Jonathan Rauch dwells on this at length in The Constitution of Knowledge. See my review.
MM ends this chapter sounding a bugle.
Our species needs the next Industrial Revolution—a true energy revolution. For that, we need a creative explosion. Policies that ensure that information is freely transmitted and that successful outcomes are rewarded without overly punishing failure lest we harm diversity and risk-taking give us the best chance of triggering that creative explosion. One place where it is essential we get it right is where the Second Enlightenment was born: the Internet
A few pages later, MM writes,
Those who design popular social media platforms and AI tools have incredible power to shape the software of our minds and therefore our societies…These decisions currently do not reflect a theory of everyone and the ways in which we evaluate who to learn from and what to learn. But by marrying an understanding of cultural evolution and engineering design, we can use the tremendous power of the Internet and social media to enhance the brilliance of our collective brain.
Long ago, I got tired of people saying how they think social networks should work. If you have a better idea, build it.
Before concluding, MM has a chapter called “Becoming Brighter.” It has one section that expresses his optimism that we can make humans smarter with better education methods. The other section concerns the potential for artificial intelligence to help humans. Personally, I think that unless artificial intelligence can be deployed to radically improve education, I see little hope that education will make a difference in human intelligence.
In his conclusion, MM writes,
As energy return on investment and energy availability continue to fall to precipitous levels, our civilizations are quickly losing the excess energy necessary to overcome the danger we find ourselves in.
…But there is reason for hope. Our everyday experience tells us that what we see online, hear on the radio, or read in newspapers is not representative of most people. In real life, people don’t really hate each other than much. On most topics, people are ambivalent, apathetic to all but a handful of issues that directly affect their everyday existence, waiting instead for what is required to reinforce their group identity. Most people are kind and cooperative at a scale that would surprise our ancestors. Before those norms change, we must harness them [along the lines of the preceding chapters].
MM believes that new energy discoveries are necessary and sufficient to move us close to utopia. He sees the changes he proposes as a means to that end.

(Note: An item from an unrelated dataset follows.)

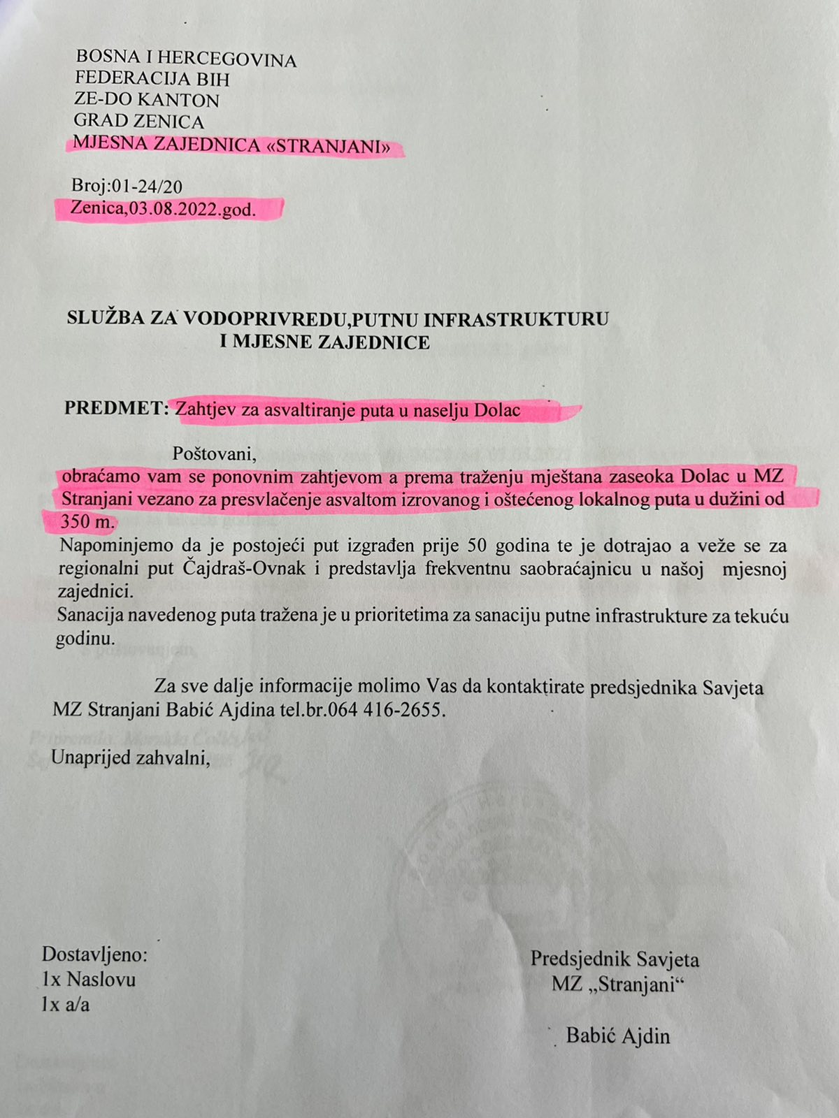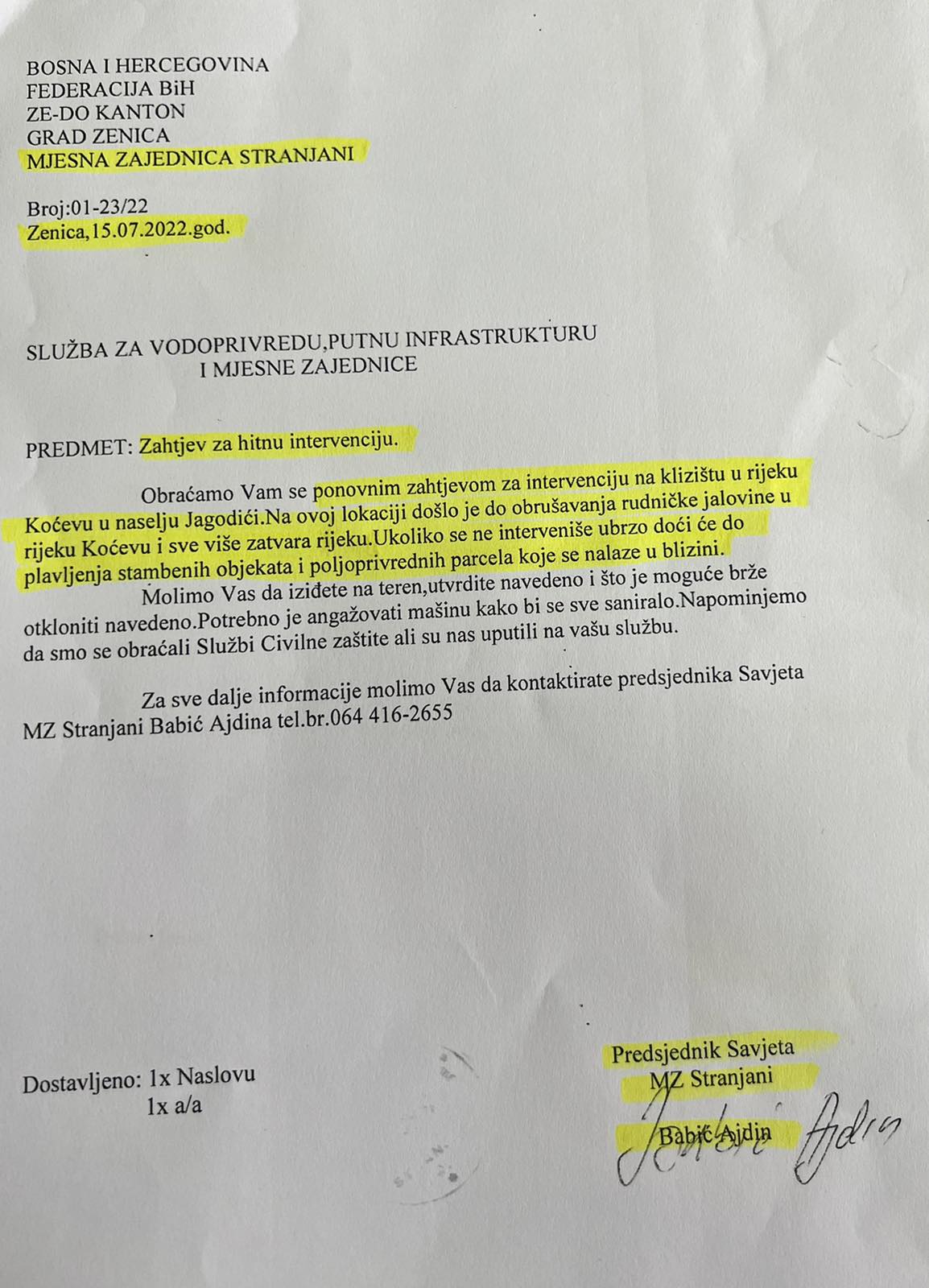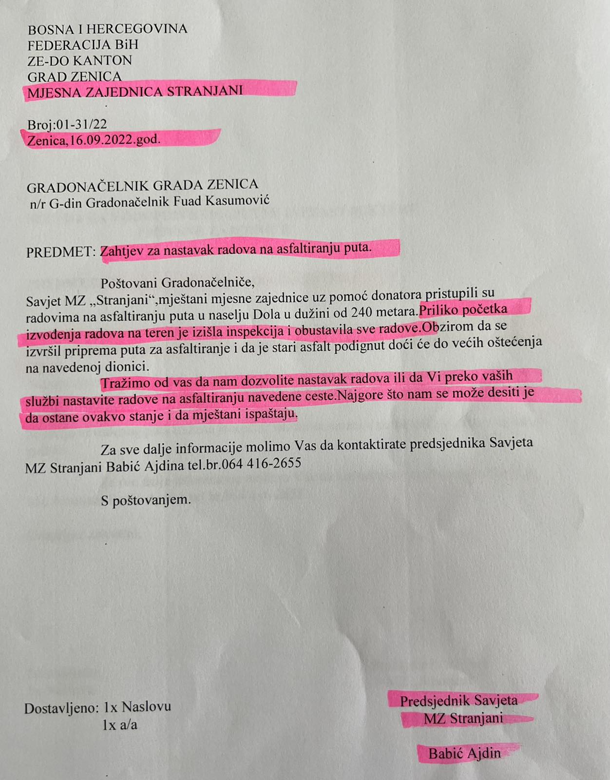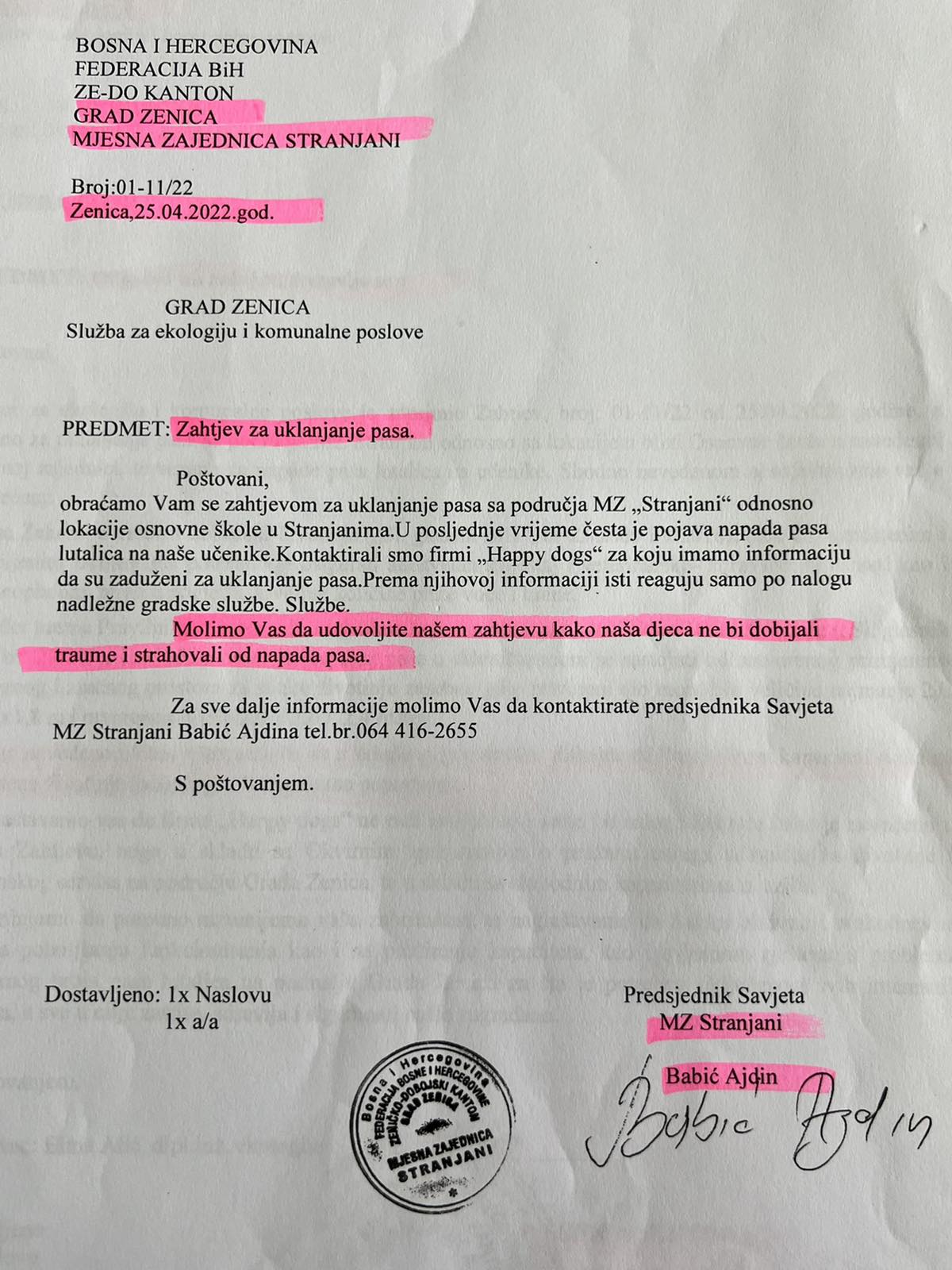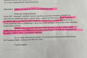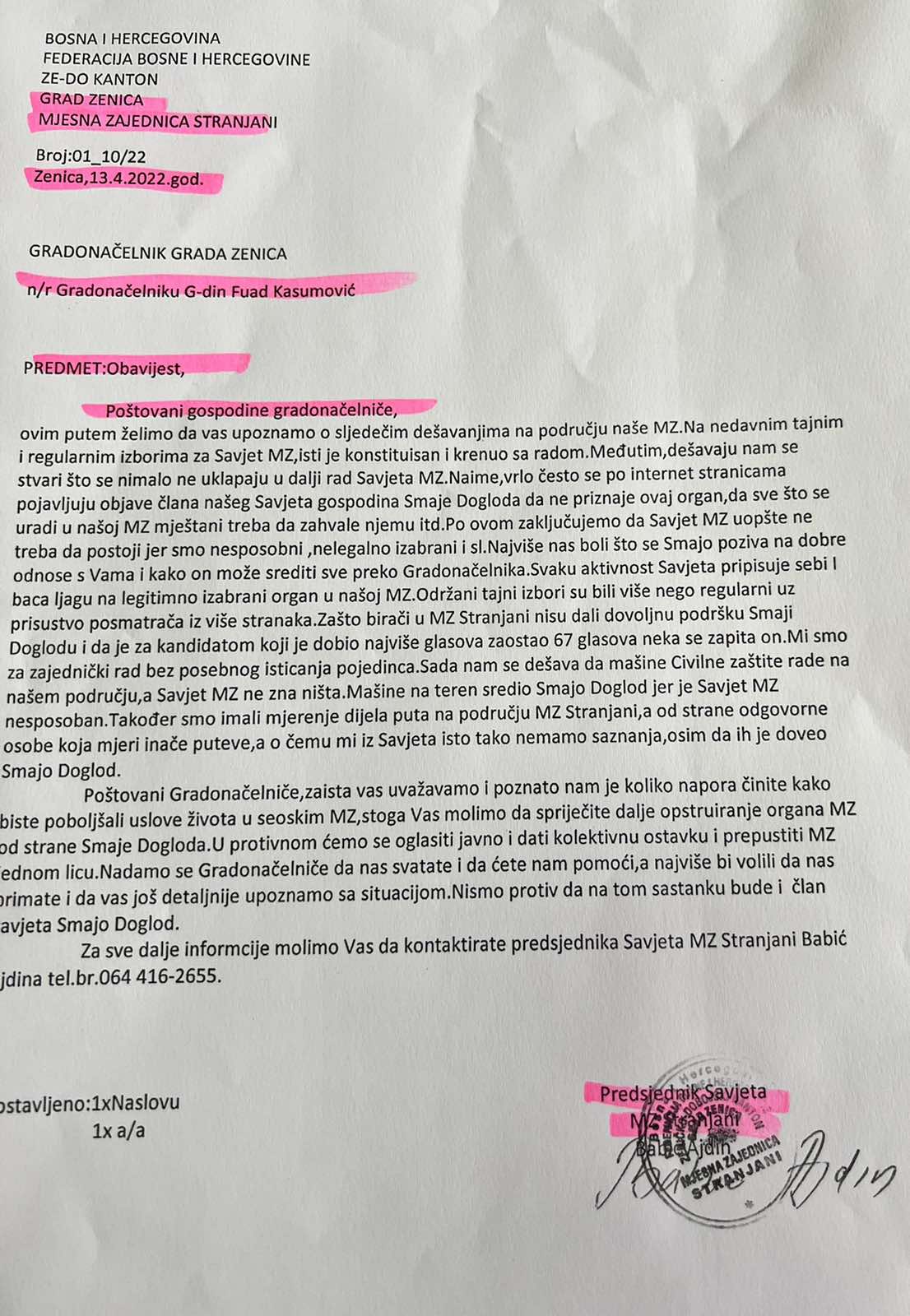 Poštovani gradonačelniče Zenice, Fuade Kasumoviću, poštovani pomoćnici gradonačelnika i zaposlenici službi koje se bave problemima mjesnih zajednica, ovim putem se, nakon desetina dopisa, poziva, zahtjeva i molbi, obraćamo Vama i javnosti nadajući se da ćete napokon obratiti pažnju na brojne probleme mještana MZ Stranjani.

I did not find this the latter half of the book satisfying. Some of MM’s ideas strike me as vague, on the order of “we need to get better at ____.” When he offers more specific suggestions, they strike me as unlikely to achieve their desired aims.
Regarding culture, I think that the difference is that I do not share MM’s faith in the goodness of humanity. MM seems to treat today’s society as a skilled athlete that just needs an upgrade in terms of training and conditioning. I see it as more like a cancer patient whose recovery is in grave doubt.
We are getting dumber, not brighter. I haven't read the book and now won't do so, but this last part of the review made me think of the old Far Side cartoon where the scientist is explaining his idea on a chalkboard to a colleague with an inserted "then a miracle occurs" in the middle of the equations.
There seem to be 2 competing stories about our current (relative) breakdown in cooperation:
1) An economic scarcity story, consistent with the EROI framework (migration, inflation, supply chain/ network frictions, cost disease in housing/education/health-care/government)
2) A social/spiritual story, where generalized discontent applies independently of material conditions.
There are ways to square these stories, but there seems a tension between them, with ramifications for the optimal responses. Story 1 is probably an "easier" or at least simpler fix. If story 2 is truly independent, things get tougher.